Именно на таком пути в истории познания всегда и образуются все действительные понятия. Понятие стоимости, развитое Петти, Смитом и Рикардо, есть, конечно, абстракция от эмпирических фактов. Но эта абстракция совсем иного свойства, нежели простой абстракт от всех случаев движения стоимостей, от различных конкретных форм стоимости.
В качестве "абстракта", общего и товару, и прибыли, и ренте и т.д., понятие стоимости оправдать невозможно, и получено оно было совсем иначе.
Это также невозможно, как невозможно оправдать правоту Ньютона ссылкой на "общее" в эмпирических фактах, когда он провозглашает закон, согласно которому тело, к коему приложена постоянно действующая сила, движется с ускорением. Аристотель гораздо точнее выражал общее положение вещей, когда утверждал, что такое тело будет двигаться с постоянной скоростью и останавливается, когда сила перестает действовать.
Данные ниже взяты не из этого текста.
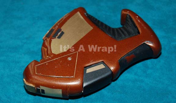 Description: A hand prop item believed to have appeared in episodes of Star Trek: Deep Space Nine. The item is injection molded plastic with currently non-functional internal electronics believed to power several LEDs. The item features an activation switch on one end and metallic gold colored accents generally. A battery housing is present internally that fits an ‘N’ sized battery. The item measures approx. 5.25 X 7.75 X 0.75 inches.
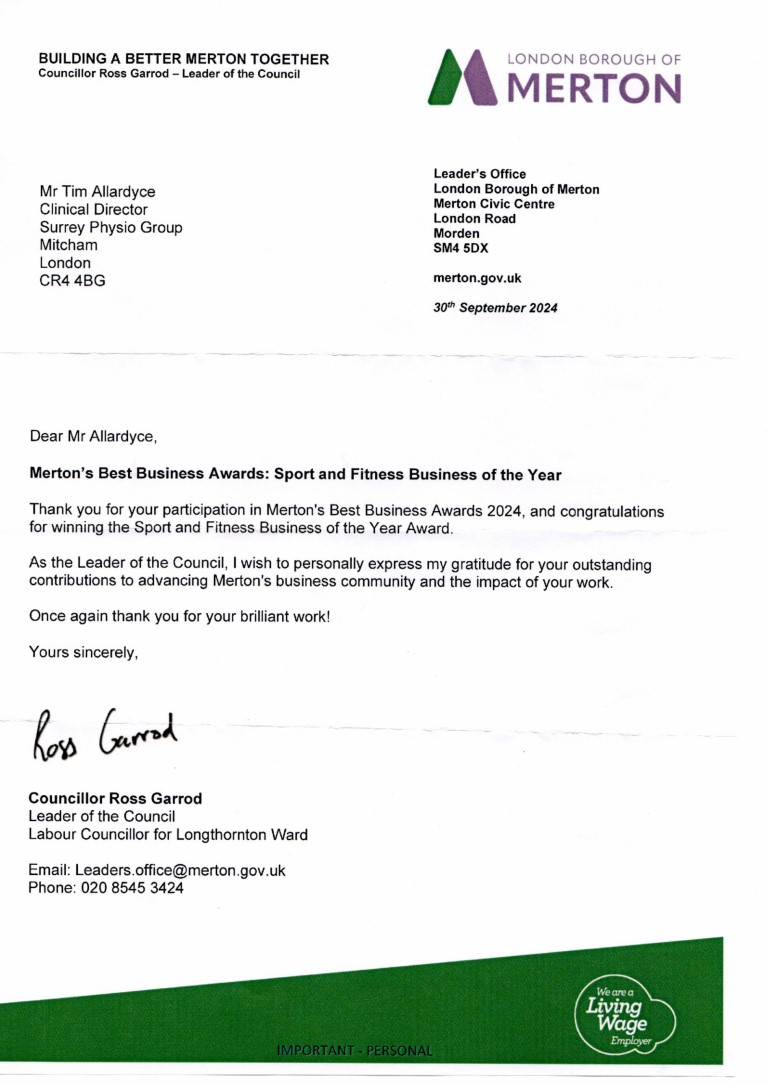 Surrey Physio were honoured to receive a letter from Councillor Ross Garrod, Leader of the Council, with his warm congratulations. Thank you Ross! We’re grateful to work with Merton Council, a very forward thinking and supportive Council.

Суждение Ньютона, конечно, тоже опиралось на эмпирические данные. Но непосредственно -- не на "все", а на данные, касающиеся одного вполне специфического случая, -- он исходил непосредственно из факта движения небесных тел...
На основе прямого абстрактного обобщения "земных" эмпирических данных законы Ньютона, как нетрудно понять, получить было невозможно. Абстракция, которую можно отвлечь непосредственно как выражение "общего" всем "земным" случаям движения тел, соответствует аристотелевскому пониманию.
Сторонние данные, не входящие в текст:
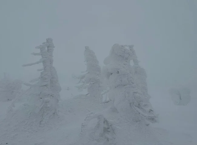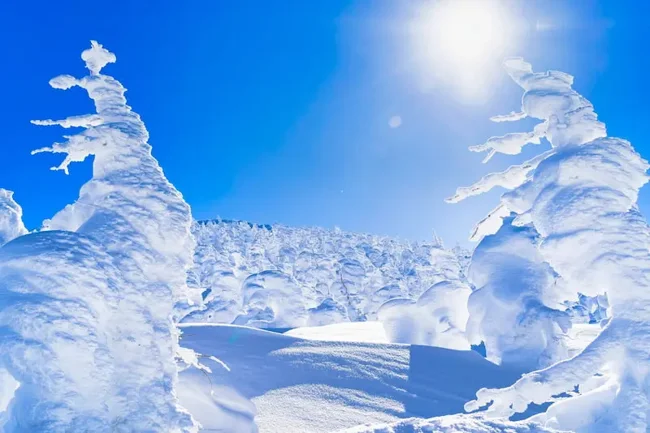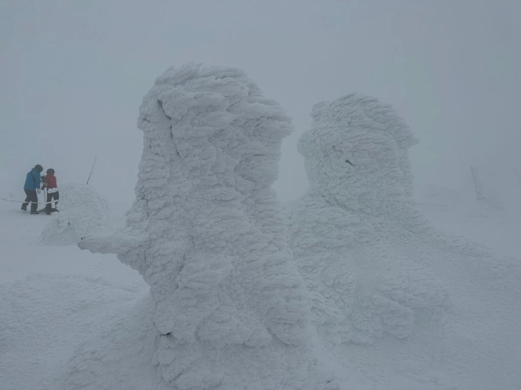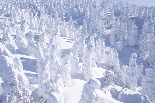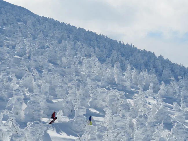 Мельчайшие капли воды, которые несёт мощный ветер, немедленно замерзают на соснах Дзао и их ветвях, формируя ледяные наплывы. Из-за постоянных шквалов эти ледяные гребни растут почти горизонтально, и на них оседает падающий снег, порождая исполинские причудливые белые фигуры. Японцы называют этих великанов снежными чудовищами, или джухё.

И -- поскольку мышление в понятиях начинается не там, где происходит простое абстрактное выражение эмпирических данных, где речь идет не просто об "обобщенном выражении явлений", а там, где возникает вопрос об основах этих явлений, -- постольку и понятие в любом случае не сводится к выражению "общего всем или многим" явлениям "признака", внешнего сходства.
Оно на деле выражает внутреннюю структуру вполне особенного, определенного явления, вся особенность которого заключается в том, что в нем в максимально чистом виде осуществляется всеобщий закон.
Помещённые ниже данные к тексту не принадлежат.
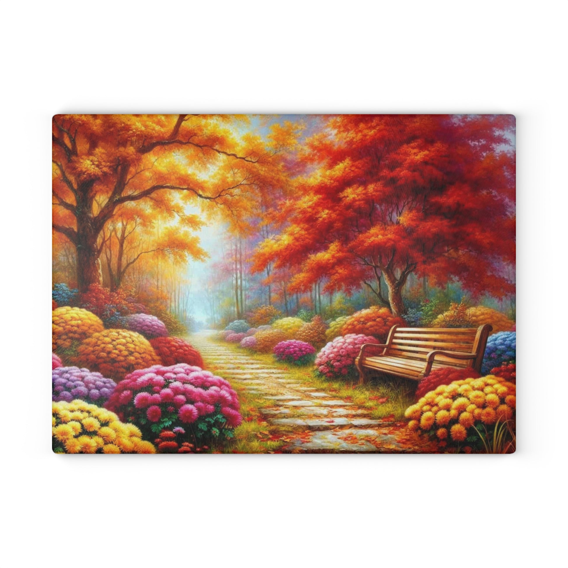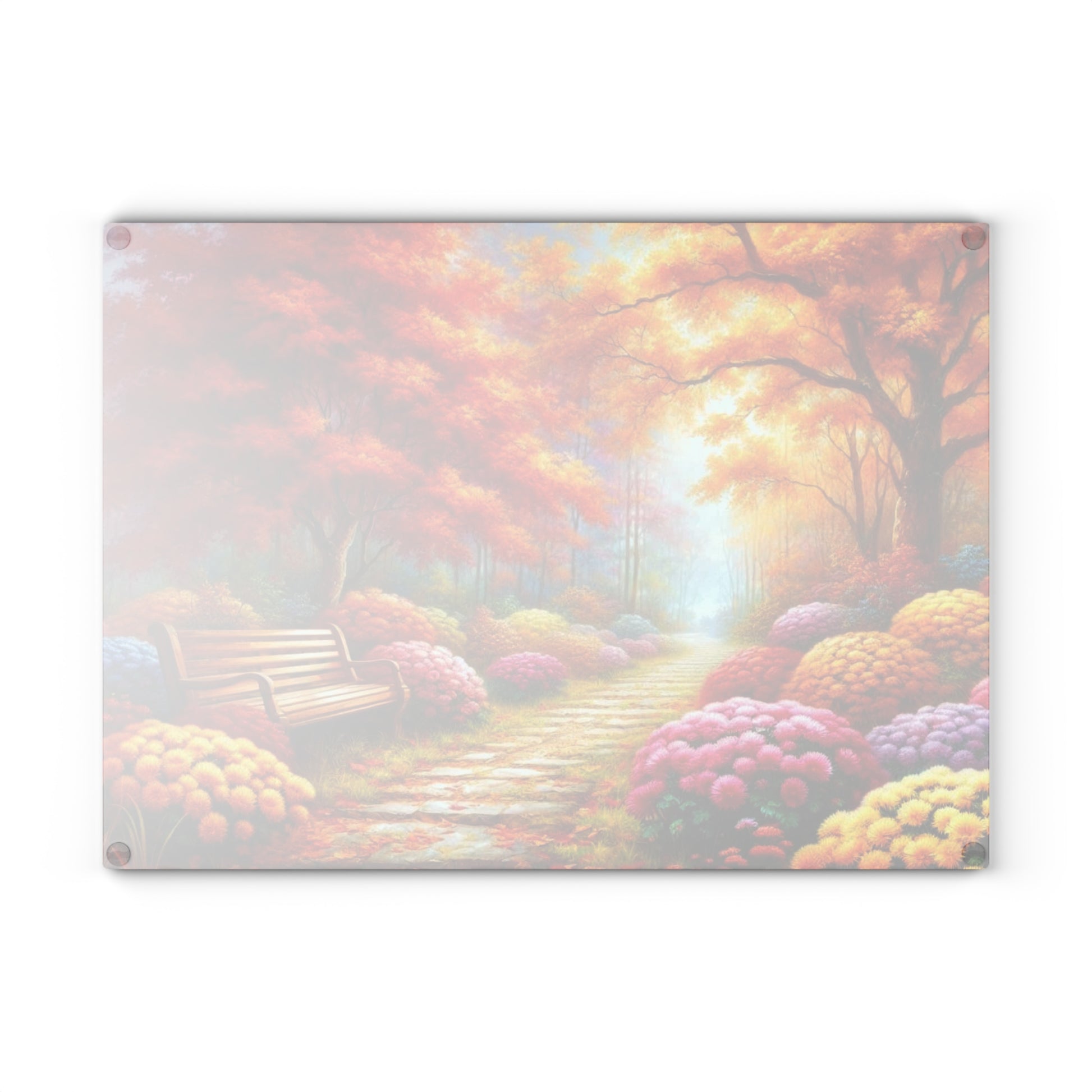🍁 Autumn Path & Park Bench – Cozy Fall Tempered Glass Cutting Board

Прямой товарный обмен, как то явление, в рассмотрении которого можно получить всеобщее определение стоимости, как то явление, в котором "стоимость" осуществлена в чистом виде, осуществляется до того, как появились деньги, прибавочная стоимость, и другие особенные развитые формы стоимости.
Это значит, кроме всего прочего, что та форма экономических отношений, которая при капитализме становится реально, подлинно всеобщей, осуществлялась до этого как вполне особенное явление и даже как случайно-единичное явление.
В реальности всегда происходит так, что то явление, которое впоследствии становится "всеобщим", вначале возникает как единичное, как частное, как особенное явление, как исключение из правила.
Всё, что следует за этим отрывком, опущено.